だが、カヤはその時、思いついてしまった。
敢えてコボルトの好きにさせてみるのも面白いかもしれない、と。
そうすれば、何か面白いことが起きる気がした。
だから、敢えて抵抗せず、コボルトに攫われることにした。
コボルトに担がれて到着した場所は、石が台形に積み上げられた謎の遺跡。
初めて見る物に最初こそ興奮したが、すぐに飽きてしまった。
遺跡は動くことも変化することもない。
コボルト達も、黙々と作業をこなすだけ。
「ふあぁ~」
と、大きなあくびが出てしまった。
瞼も重くなり、眠気が襲ってくる。
身動きできない状況だというのに、まるで緊張感の無いカヤ。
このまま寝てしまおうかと考えたが、流石にそれはまずいか、と思い止まる。
見飽きたコボルト達の行動。
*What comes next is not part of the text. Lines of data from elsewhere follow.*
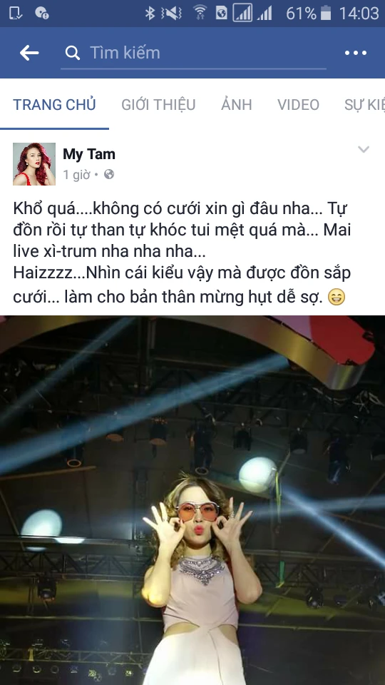 “Khổ quá... không có cưới xin gì đâu nha... Tự đồn rồi tự than tự khóc tui mệt quá mà... Mai live xì-trum nha nha nha... Haizzzz... Nhìn cái kiểu vậy mà được đồn sắp cưới... làm cho bản thân mừng hụt dễ sợ”, chị đã chia sẻ như vậy trên trang fanpage của mình.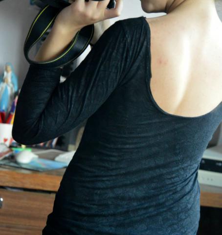 Trumpa juoda elegantiška suknelė atvira nugara ir gėlėtais raštais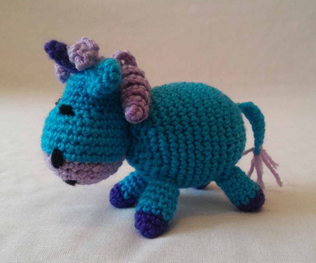 Kuscheltier - Einhorn - Blau / Lila mit Locken und Paillette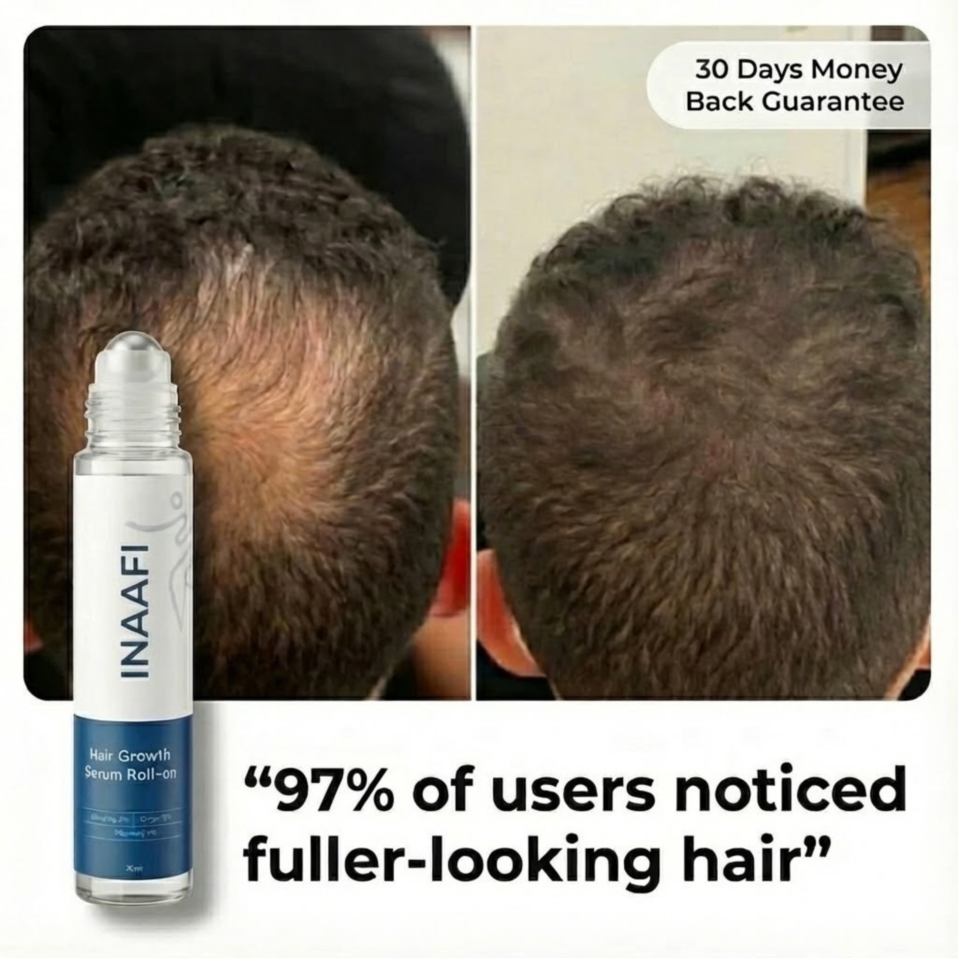 Try Inaafi hair serum risk-free for 30 full days. We want you to use the entire bottle. If you don't see new hair growth and reduced shedding, simply email us and we’ll refund every penny. Keep the bottle no returns necessary. We're confident you'll love your results.

退屈だが、惰眠を貪ることも出来ない。
何もすることがない状態。
であれば、カヤの取る行動は一つしかなかった。
「じゃあ、やるとしますか」
カヤは、白く輝く己のツノに意識を向ける。
すぐに魔力の供給が始まる。
膨大な魔力が体に巡る。
体に力を入れる。
「フンッ!」
掛け声と共に、何重にも巻かれた縄がブチッと音を立て千切れた。
「ギエッ!?」
「ギエエッ!!」
「ギエッギッ!」
拘束していた筈の獲物の行動に度肝を抜かれ、コボルト達が一斉に騒ぎ出す。
カヤはすぐに動いた。
まず、近くにいたコボルトの頭を拳で吹き飛ばす。
間髪入れず、別のコボルトの首を掴み、思いっきり投げ飛ばした。
ビュンと言う風を切る音が鳴り、数体のコボルトを巻き込みながら大木に衝突。
ベチャと大木に叩きつけられ、あっと言う間に肉片と化した。
コボルト達は、ようやく動き出した。
短剣や弓を手に戦闘態勢を取る。その数、約二十体。
「アハハッ! かかってきなさい!」
カヤは両手を広げ、コボルト達を挑発する。
その顔には、邪悪な笑みが浮かんでいた。
そして、殺戮が始まった。
数分後、この場所は、血と肉が巻き散らされた凄惨な現場と化していた。
カヤはぐるっと周囲を見回す。
辺りには、遺跡と樹木、コボルトの亡骸。
「もう終わりなの? 退屈ね」
金棒を肩に担ぎながら、溜息を吐く。
戦闘中に金棒をコボルト達から取り返したが、これなら素手でも良かったかもしれない。
あまりにもあっさりと終わってしまい、拍子抜けだ。
「さて、これからどうしようかしら」
和也達と合流しなければならない。
ここで待つか、こちらから探しに行くか。
カヤは思案する。
この時、カヤは気が付かなかった。
コボルト達の血が大地に染み込み、大地に設置された陣が反応し、薄く輝いていることを。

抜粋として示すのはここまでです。